Schillernd ist er und manchmal schon fast schon ein wenig abgegriffen: der Begriff Spiritualität. So weit, dass alles und nichts darunter verstanden werden kann, die Google-Suche liefert in nur 10 Sekunden über 2 Millionen Treffer. Und doch: Unter der Asche spüren Menschen die Glut.

Spiritualität wird zum Zufluchtsort jener, die sich mit der Institution Kirche schwer tun. Aber auch jener, die – aus einem materialistisch-naturwissenschaftlich geprägten Weltbild kommend – spüren: die Wirklichkeit ist mehr als das, was wir mit unseren Instrumenten messen und beweisen können. Darum geht es: um dieses Mehr.

Den leisen Tönen lauschen. Kein Mehr im quantitativen Sinn, nichts Zusätzliches. Alles gewinnt eine neue Qualität. R.M. Rilke verdichtet diese Erfahrung:
          Du kommst und gehst. Die Türen fallen 
          viel sanfter zu, fast ohne Wehn. 
          Du bist der Leiseste von Allen, 
          die durch die leisen Häuser gehn. 
          Man kann sich so an dich gewöhnen, 
          dass man nicht aus dem Buche schaut, 
          wenn seine Bilder sich verschönen, 
          von deinem Schatten überblaut; 
          weil dich die Dinge immer tönen, 
          nur einmal leis und einmal laut.
(Christliche) Spiritualität meint Aufmerksamkeit für diese leisen Töne, das Lauschen in und hinter den Lärm und das Getöse des Alltags. Die Ahnung, dass unter den freudig oder angstvoll aufgepeitschten Wogen meines Lebens eine tiefe Stille ruht. Alles kann mich zu dieser Erfahrung führen.

Lass dir alles gescheh’n, Schönheit und Schrecken. Nicht weltabgewandte Flucht aus der Realität zeichnet christliche Spiritualität aus, sondern eine Liebe zur Wirklichkeit, die sich den Herausforderungen des Lebens stellt. 
          Lass dir alles geschehn: Schönheit und Schrecken. 
          Man muss nur gehn: Kein Gefühl ist das fernste. 
          Lass dich von mir nicht trennen. 
          Nah ist das Land, 
          das sie das Leben nennen. 
          Du wirst es erkennen an seinem Ernste. 
          Gieb mir die Hand.
Diese Worte gibt Gott in einem Rilke-Gedicht jedem Menschen mit auf den Weg – und mit ihnen die Zusage, dass wir Gott in allen Dingen finden können (Ignatius von Loyola). Der tiefe Ernst des Lebens vermählt sich mit spielerischer Leichtigkeit.

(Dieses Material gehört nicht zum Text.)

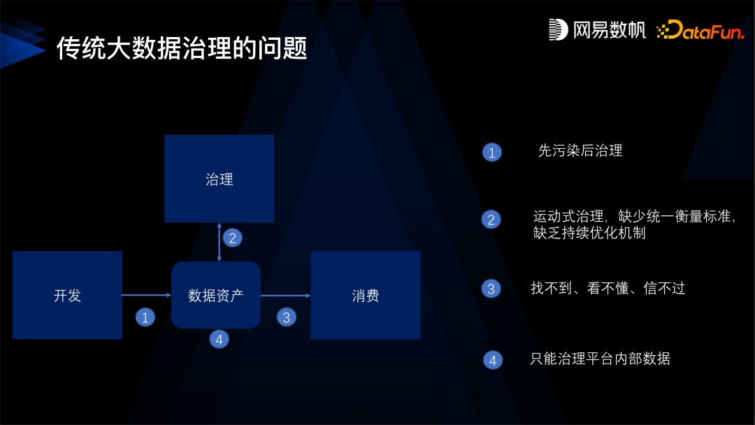 传统的大数据治理分为三个过程,首先是开发,产生数据资产;然后消费数据资产,产生价值;治理在中间,想方设法让我们的数据资产质量更好、更安全,更容易被使用。这是数据治理的目标,但是这样的模式存在一些问题:

Sich (ver)wandeln lassen. Das bedeutet auch, nicht alles selbst leisten zu müssen. Christliche Spiritualität ist kein Weg der Selbsterlösung, keine Disziplin des elitären Aufstiegs und der Selbstüberwindung. Ein letztes Mal weist Rilke den Weg: 
          ... so fasst uns das, was wir nicht fassen konnten, 
          voller Erscheinung aus der Ferne an 
          – und wandelt uns, auch wenn wirs nicht erreichen, 
          in jenes, das wir, kaum es ahnend, sind ...
Wandlung kann geschehen, das ist die tiefste Hoffnung und Sehnsucht am Grund des spirituellen Weges.
Wandlung vom Dunkel zum Licht, von der Erstarrung zur Liebe, vom Tod zum Leben.
Denn: stärker als der Tod ist die Liebe.

So wünsche ich Ihnen eine gesegnete Fastenzeit.
Und dass sich am Ende jedes Lebensdunkels das österliche Licht Bahn bricht.